After a recent request to have the plate reissued was denied, Mr Grabher is now taking the motor vehicle registrar to court arguing it is a case of ‘bureaucratic hypocrisy’. 

In an affidavit filed with Nova Scotia’s Supreme Court this month. Mr Grabher cited place names in Canada that were government regulated, including Dildo, Red Indian Lake, Swastika, Crotch Lake and Blow Me Down Provincial Park. 

The plate was taken away after the city's Department of Transportation received a complaint saying the term was a 'socially unacceptable slogan'

The plate was taken away after the city’s Department of Transportation received a complaint saying the term was a ‘socially unacceptable slogan’

Mr Grabher said he was not trying to offend anyone with his license plate and said he was ‘profoundly insulted and humiliated’ that his surname was deemed offensive.

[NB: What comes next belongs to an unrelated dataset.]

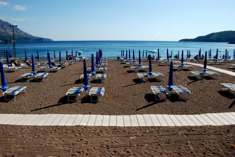 Дольче Вита (Dolce Vita) — большой чистый пляж с бесплатным Wi-Fi, самый первый по пути из Будвы, можно заплатить за лежак, можно загорать на полотенце бесплатно.

‘Canada is not a country where a person gets to be ‘offended’ at everything,’ Mr Grabher said in the affidavit. 

‘Canadians who complain to the government about every little thing should be politely but firmly informed that we live in a cultural mosaic that respects individual freedoms. 

‘Such diversity and freedom are impossible if the government seeks to eliminate or limit every little thing and every little difference that could be perceived as ‘offensive’ to someone.’ 

After a recent request to have the plate reissued was denied, Mr Grabher is now taking the motor vehicle registrar to court arguing it is a case of 'bureaucratic hypocrisy'

After a recent request to have the plate reissued was denied, Mr Grabher is now taking the motor vehicle registrar to court arguing it is a case of ‘bureaucratic hypocrisy’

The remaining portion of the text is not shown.